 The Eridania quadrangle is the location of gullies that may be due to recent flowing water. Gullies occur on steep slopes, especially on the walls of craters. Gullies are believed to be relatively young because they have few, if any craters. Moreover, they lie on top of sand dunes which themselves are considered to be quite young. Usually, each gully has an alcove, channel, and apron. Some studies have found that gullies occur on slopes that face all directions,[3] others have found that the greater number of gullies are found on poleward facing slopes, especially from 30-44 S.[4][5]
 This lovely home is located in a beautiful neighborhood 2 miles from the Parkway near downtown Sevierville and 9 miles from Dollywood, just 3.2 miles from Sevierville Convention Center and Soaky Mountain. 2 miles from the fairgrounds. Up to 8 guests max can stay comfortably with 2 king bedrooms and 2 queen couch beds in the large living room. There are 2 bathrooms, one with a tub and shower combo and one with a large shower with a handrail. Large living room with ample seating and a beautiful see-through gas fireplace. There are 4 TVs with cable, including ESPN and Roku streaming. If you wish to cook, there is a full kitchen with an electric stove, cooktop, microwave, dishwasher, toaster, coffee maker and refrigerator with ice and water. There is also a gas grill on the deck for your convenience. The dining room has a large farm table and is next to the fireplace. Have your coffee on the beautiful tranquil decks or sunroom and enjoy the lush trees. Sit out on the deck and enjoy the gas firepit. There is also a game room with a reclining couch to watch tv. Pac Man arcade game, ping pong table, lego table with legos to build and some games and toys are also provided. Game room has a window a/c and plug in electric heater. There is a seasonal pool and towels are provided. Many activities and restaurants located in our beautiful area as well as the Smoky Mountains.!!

────────────────────────────────────────

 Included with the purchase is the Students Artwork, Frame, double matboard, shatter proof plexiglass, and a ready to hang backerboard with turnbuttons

────────────────────────────────────────

→ **What needs to be done**: In the entries above, find the line holding "The Eridania quadrangle" and the line holding "This lovely home", then retype exactly those two lines and every line between them, and nothing else.

→ **Exercise answer**:
 The Eridania quadrangle is the location of gullies that may be due to recent flowing water. Gullies occur on steep slopes, especially on the walls of craters. Gullies are believed to be relatively young because they have few, if any craters. Moreover, they lie on top of sand dunes which themselves are considered to be quite young. Usually, each gully has an alcove, channel, and apron. Some studies have found that gullies occur on slopes that face all directions,[3] others have found that the greater number of gullies are found on poleward facing slopes, especially from 30-44 S.[4][5]
 This lovely home is located in a beautiful neighborhood 2 miles from the Parkway near downtown Sevierville and 9 miles from Dollywood, just 3.2 miles from Sevierville Convention Center and Soaky Mountain. 2 miles from the fairgrounds. Up to 8 guests max can stay comfortably with 2 king bedrooms and 2 queen couch beds in the large living room. There are 2 bathrooms, one with a tub and shower combo and one with a large shower with a handrail. Large living room with ample seating and a beautiful see-through gas fireplace. There are 4 TVs with cable, including ESPN and Roku streaming. If you wish to cook, there is a full kitchen with an electric stove, cooktop, microwave, dishwasher, toaster, coffee maker and refrigerator with ice and water. There is also a gas grill on the deck for your convenience. The dining room has a large farm table and is next to the fireplace. Have your coffee on the beautiful tranquil decks or sunroom and enjoy the lush trees. Sit out on the deck and enjoy the gas firepit. There is also a game room with a reclining couch to watch tv. Pac Man arcade game, ping pong table, lego table with legos to build and some games and toys are also provided. Game room has a window a/c and plug in electric heater. There is a seasonal pool and towels are provided. Many activities and restaurants located in our beautiful area as well as the Smoky Mountains.!!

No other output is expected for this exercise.